Serial lung and IVC ultrasound in the assessment of congestive heart failure.
Background: Management of congestive heart failure (CHF) is dependent on clinical assessments of volume status, which are subjective and imprecise. Point-of-care ultrasound (POCUS) is useful in the diagnosis of CHF, but how POCUS findings correlate with therapy remains unknown. This study aimed to determine whether the changes in clinical evaluation of CHF with treatment are mirrored with changes in the number of B lines on lung ultrasound (LUS) and inferior vena cava (IVC) size. In this prospective observational study, investigators performed serial clinical and ultrasound assessments within 24 h of admission (T1), day 1 in hospital (T2) and within 24 h of discharge (T3). Clinical assessments included an evaluation of the jugular venous distension (JVD), hepatojugular reflux (HJR), pulmonary rales and a clinical congestion score was calculated. Ultrasound assessment included the IVC size and collapsibility, and the number of B lines in an 8-point scan.
Results: Fifty consecutive patients were recruited with a mean age of 71.2 years (SD 12.7). Mean clinical congestion score on admission was 5.6 (SD 1.4) and declined significantly over time to 1.3 (0.91), as did the JVP, HJR and pulmonary rales. No significant changes were found in the IVC size between T1 [1.9 (0.65)] and T3 [2.0 (0.50)] or in the IVC collapsibility index [T1 0.3 (0.19) versus T3 0.25 (0.16)]. The mean number of B lines decreased from 11 (6.1) at T1 to 8.3 (5.5) at T3, although this decrease did not reach statistical significance. Spearman correlation between JVP and HJR versus IVC collapsibility and total B lines did not yield significant results.

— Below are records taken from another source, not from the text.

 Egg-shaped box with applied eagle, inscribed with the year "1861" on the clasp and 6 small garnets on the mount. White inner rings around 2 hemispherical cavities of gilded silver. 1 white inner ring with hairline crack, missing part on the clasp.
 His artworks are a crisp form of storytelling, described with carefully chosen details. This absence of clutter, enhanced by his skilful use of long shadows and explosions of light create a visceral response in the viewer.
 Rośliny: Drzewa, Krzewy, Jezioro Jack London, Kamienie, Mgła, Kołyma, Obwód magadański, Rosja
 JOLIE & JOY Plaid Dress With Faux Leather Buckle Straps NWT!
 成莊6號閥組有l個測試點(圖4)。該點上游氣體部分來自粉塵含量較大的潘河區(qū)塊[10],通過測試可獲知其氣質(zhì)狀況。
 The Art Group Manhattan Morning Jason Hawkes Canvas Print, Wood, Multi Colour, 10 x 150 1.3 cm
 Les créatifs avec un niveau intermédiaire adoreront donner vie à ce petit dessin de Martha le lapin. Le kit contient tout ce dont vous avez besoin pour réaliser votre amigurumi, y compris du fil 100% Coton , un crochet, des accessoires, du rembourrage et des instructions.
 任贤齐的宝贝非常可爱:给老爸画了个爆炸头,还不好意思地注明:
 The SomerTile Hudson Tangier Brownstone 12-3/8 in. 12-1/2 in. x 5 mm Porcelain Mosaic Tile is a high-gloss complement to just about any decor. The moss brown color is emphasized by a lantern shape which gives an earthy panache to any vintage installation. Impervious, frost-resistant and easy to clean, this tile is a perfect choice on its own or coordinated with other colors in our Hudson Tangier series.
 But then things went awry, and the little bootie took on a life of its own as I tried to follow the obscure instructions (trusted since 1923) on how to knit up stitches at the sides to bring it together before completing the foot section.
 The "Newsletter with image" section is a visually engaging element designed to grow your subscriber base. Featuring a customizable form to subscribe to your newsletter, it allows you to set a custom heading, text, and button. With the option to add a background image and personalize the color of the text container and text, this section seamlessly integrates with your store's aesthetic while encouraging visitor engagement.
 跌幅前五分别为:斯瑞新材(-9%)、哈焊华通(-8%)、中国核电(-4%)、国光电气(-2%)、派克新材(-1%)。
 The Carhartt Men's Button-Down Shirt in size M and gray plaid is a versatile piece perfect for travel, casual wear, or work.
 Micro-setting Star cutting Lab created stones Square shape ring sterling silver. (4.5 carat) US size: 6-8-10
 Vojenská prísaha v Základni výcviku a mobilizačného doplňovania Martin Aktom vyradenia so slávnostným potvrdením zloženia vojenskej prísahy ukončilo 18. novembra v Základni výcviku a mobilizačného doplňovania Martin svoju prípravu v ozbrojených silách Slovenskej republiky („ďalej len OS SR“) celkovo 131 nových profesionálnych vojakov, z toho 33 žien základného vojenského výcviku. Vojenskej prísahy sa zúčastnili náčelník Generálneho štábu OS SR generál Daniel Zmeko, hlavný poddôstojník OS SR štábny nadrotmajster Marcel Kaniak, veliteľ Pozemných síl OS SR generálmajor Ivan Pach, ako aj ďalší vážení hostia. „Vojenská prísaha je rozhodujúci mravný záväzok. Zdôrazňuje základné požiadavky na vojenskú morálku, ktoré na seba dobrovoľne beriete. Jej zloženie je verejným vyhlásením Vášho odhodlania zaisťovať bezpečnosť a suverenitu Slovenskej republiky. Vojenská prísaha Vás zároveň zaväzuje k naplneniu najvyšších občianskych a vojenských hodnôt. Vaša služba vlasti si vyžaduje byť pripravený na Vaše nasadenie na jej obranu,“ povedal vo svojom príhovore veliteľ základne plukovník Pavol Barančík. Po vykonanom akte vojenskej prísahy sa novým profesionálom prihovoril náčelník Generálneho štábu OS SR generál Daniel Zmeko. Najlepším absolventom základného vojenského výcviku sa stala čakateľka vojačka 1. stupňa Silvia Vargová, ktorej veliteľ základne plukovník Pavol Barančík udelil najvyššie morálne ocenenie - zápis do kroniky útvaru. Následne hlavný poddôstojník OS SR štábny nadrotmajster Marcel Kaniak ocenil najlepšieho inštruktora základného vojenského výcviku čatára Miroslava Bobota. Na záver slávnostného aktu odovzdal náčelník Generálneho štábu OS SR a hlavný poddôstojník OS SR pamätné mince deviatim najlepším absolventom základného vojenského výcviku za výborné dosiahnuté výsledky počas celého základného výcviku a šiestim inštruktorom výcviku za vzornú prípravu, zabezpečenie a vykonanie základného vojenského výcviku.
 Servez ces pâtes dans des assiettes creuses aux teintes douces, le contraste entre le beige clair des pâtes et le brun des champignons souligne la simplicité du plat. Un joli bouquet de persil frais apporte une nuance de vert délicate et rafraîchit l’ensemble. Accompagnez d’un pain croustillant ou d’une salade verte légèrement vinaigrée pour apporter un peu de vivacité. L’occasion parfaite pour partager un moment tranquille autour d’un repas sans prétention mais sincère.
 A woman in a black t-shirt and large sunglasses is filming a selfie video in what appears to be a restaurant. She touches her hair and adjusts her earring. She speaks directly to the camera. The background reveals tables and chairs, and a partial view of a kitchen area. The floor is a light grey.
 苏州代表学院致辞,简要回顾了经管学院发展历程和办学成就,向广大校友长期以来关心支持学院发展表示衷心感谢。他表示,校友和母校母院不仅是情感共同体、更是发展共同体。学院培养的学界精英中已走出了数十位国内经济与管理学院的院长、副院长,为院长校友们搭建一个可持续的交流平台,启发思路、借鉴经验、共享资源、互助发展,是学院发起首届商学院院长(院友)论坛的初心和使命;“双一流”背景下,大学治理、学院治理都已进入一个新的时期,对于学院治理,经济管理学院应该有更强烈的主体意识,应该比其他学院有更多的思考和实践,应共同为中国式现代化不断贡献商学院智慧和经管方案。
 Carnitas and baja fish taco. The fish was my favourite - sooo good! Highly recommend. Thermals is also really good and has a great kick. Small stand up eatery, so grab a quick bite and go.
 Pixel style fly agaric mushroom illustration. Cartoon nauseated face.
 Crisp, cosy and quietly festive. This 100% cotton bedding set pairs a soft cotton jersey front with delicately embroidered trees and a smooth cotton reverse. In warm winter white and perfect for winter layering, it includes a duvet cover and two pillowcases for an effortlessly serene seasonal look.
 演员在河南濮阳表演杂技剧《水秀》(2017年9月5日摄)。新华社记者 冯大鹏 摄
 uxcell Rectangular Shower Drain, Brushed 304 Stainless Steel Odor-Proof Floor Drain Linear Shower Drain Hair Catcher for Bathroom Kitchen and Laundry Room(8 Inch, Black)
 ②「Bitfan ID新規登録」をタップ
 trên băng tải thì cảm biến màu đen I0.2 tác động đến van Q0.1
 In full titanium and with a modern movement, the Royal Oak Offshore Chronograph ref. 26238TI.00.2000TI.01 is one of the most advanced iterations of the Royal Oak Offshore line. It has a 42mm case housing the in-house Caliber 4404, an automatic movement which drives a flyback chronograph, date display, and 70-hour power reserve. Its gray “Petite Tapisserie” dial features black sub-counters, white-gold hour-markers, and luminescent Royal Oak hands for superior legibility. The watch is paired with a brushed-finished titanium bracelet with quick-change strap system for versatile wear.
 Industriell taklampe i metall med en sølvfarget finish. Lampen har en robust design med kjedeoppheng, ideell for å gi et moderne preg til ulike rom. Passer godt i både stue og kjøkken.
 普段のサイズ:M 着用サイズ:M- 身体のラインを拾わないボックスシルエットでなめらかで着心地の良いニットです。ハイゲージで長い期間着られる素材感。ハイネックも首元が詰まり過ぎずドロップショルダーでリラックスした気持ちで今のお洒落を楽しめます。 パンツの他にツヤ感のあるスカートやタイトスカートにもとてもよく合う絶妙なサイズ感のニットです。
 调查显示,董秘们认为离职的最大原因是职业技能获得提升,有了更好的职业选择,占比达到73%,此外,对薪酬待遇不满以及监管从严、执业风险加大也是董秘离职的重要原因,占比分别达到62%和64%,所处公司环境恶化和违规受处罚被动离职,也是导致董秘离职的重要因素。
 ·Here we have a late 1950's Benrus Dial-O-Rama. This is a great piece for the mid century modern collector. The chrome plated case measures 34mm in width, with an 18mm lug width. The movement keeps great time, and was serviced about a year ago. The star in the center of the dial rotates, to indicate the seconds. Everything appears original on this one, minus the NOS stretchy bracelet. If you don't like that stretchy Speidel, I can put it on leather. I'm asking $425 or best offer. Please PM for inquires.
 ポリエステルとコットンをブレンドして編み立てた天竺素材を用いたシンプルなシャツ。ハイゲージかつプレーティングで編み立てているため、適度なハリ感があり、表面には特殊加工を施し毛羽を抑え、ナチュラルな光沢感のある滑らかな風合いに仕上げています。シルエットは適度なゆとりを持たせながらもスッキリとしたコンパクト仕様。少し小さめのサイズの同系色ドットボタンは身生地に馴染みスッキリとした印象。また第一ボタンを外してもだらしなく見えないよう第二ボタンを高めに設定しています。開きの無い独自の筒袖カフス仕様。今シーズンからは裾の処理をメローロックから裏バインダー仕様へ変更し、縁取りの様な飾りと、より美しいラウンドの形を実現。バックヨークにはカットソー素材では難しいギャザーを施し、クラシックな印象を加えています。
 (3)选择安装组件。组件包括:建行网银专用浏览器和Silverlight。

Conclusions: Clinical exam findings correlate over time during the management of CHF, whereas LUS and IVC results did not. The number of B lines did decrease with therapy, but did not reach statistical significance likely because the sampled population was small and had only mild heart failure. Further studies are warranted to further explore the use of lung ultrasound in this patient population.